* **WHAT YOU WILL DO**
Images should be omitted while the rest of the data is duplicated exactly.

* **SOURCE DATA**
BEGIN

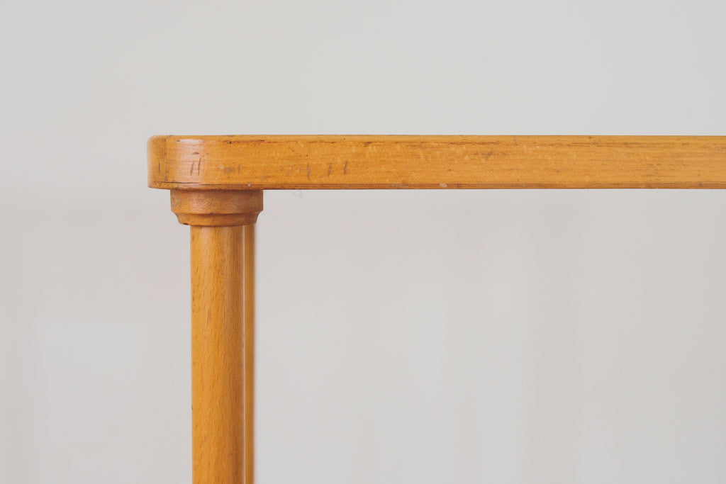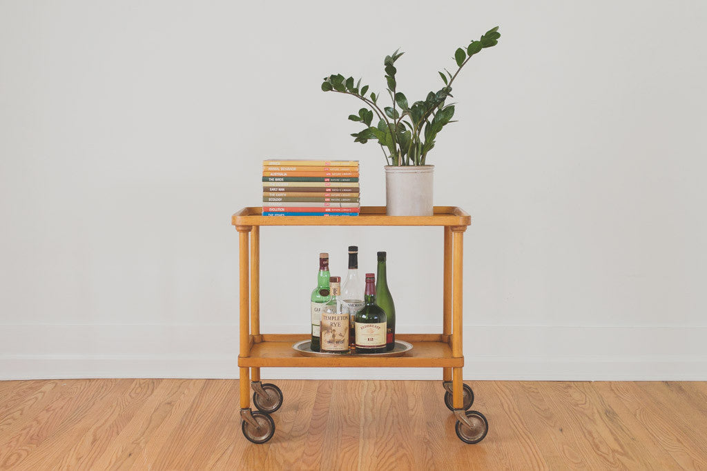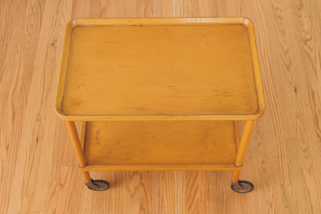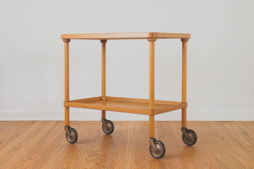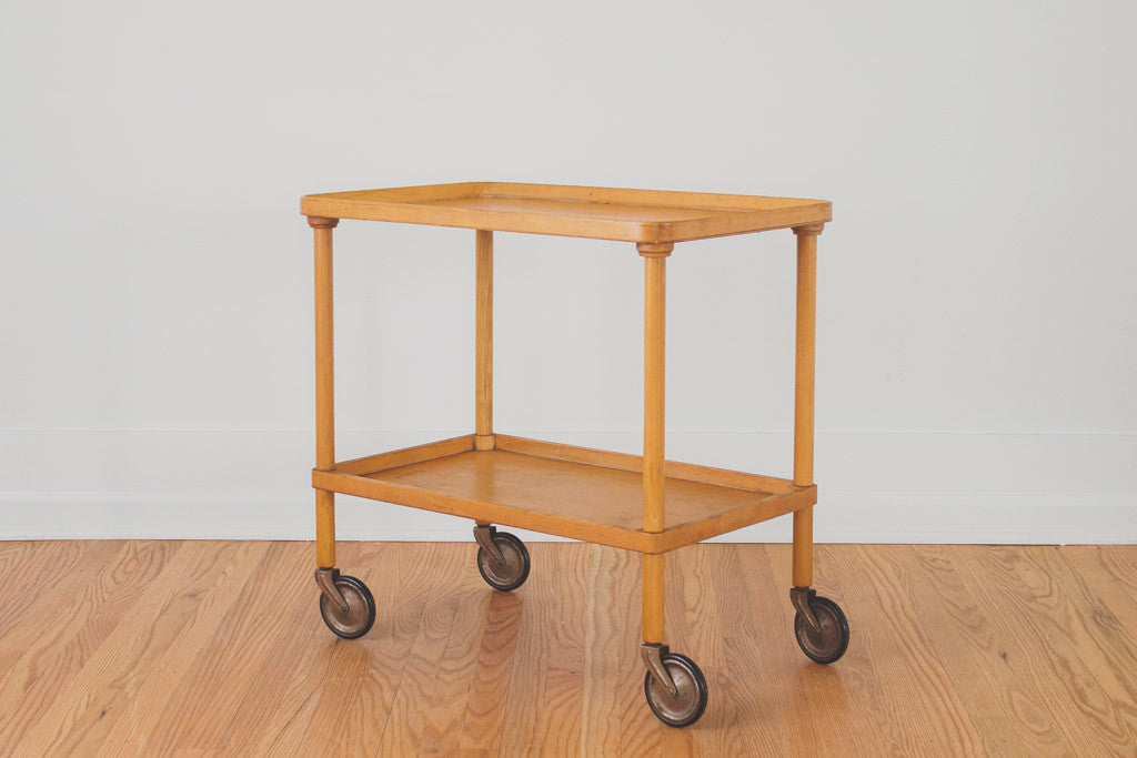 This Mid Century bar cart is light wood with two shelves, and metal and rubber wheels that roll smoothly. It's in good shape with light age related wear. Please see pictures for detailed condition.
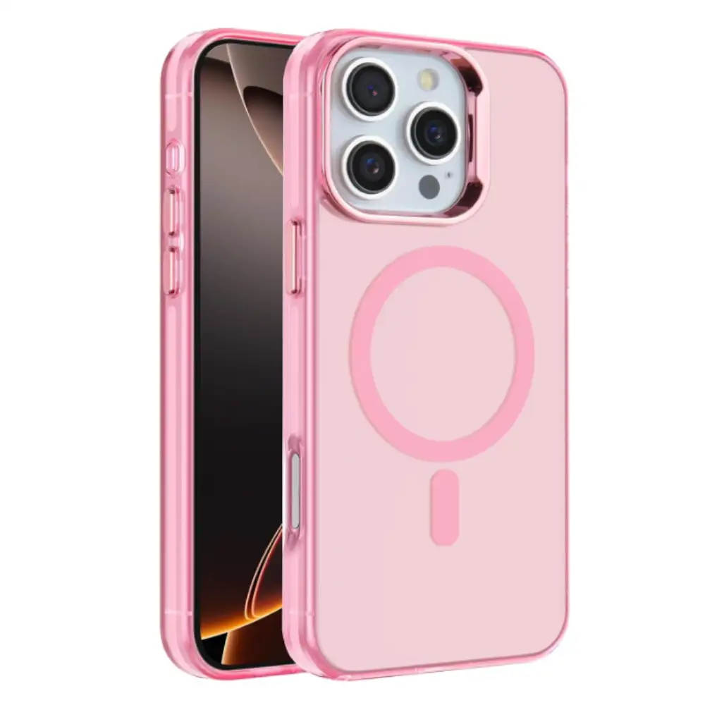 Cover magnético Magsafe rosa para iPhone 16 Pro: carga inalámbrica rápida, sujeción firme, protección contra golpes y rayones, compatible con accesorios Magsafe.
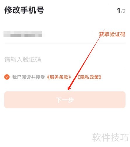 进入查博士二手车APP,找到修改手机号页,输入验证码继续。
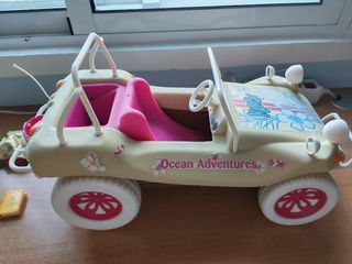 Todoterreno de Nancy, modelo Aventura Marítima. Un vehículo divertido para tus muñecas. - Diseño en color crema y rosa. - Detalle de flores y el nombre Nancy en el frontal. - Ruedas blancas y detalles naranjas en los faros. - Animales con accesorios también incluidos.

END

* **RESULT FOR THIS TASK**
 This Mid Century bar cart is light wood with two shelves, and metal and rubber wheels that roll smoothly. It's in good shape with light age related wear. Please see pictures for detailed condition.
 Cover magnético Magsafe rosa para iPhone 16 Pro: carga inalámbrica rápida, sujeción firme, protección contra golpes y rayones, compatible con accesorios Magsafe.
 进入查博士二手车APP,找到修改手机号页,输入验证码继续。
 Todoterreno de Nancy, modelo Aventura Marítima. Un vehículo divertido para tus muñecas. - Diseño en color crema y rosa. - Detalle de flores y el nombre Nancy en el frontal. - Ruedas blancas y detalles naranjas en los faros. - Animales con accesorios también incluidos.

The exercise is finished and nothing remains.